** Data extract follows **

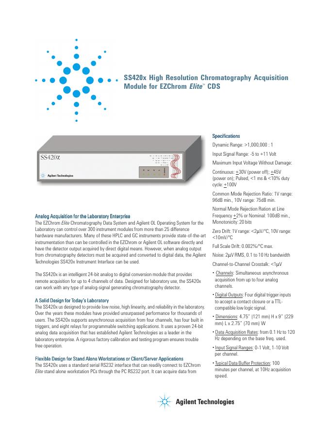 Agilent SS420x High Resolution Chromatography Acquisition Module for EZChrom Elite 数据手册.pdf
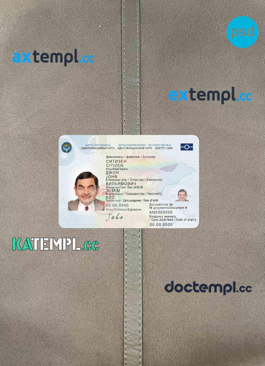 Kyrgyzstan ID card PSD files, scan look and photographed image, 2 in 1 (2017-present)
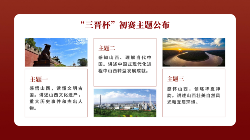本次大赛主题内容围绕“讲好山西故事”,涵盖山西省自然和文化遗产、古今人物,新时代经济社会发展成就等内容。本次大赛初赛主题已公布:

** End of Data extract **

Your copy of the material above should be exact and free of pictures.

Exercise solution |
 Agilent SS420x High Resolution Chromatography Acquisition Module for EZChrom Elite 数据手册.pdf
 Kyrgyzstan ID card PSD files, scan look and photographed image, 2 in 1 (2017-present)
本次大赛主题内容围绕“讲好山西故事”,涵盖山西省自然和文化遗产、古今人物,新时代经济社会发展成就等内容。本次大赛初赛主题已公布:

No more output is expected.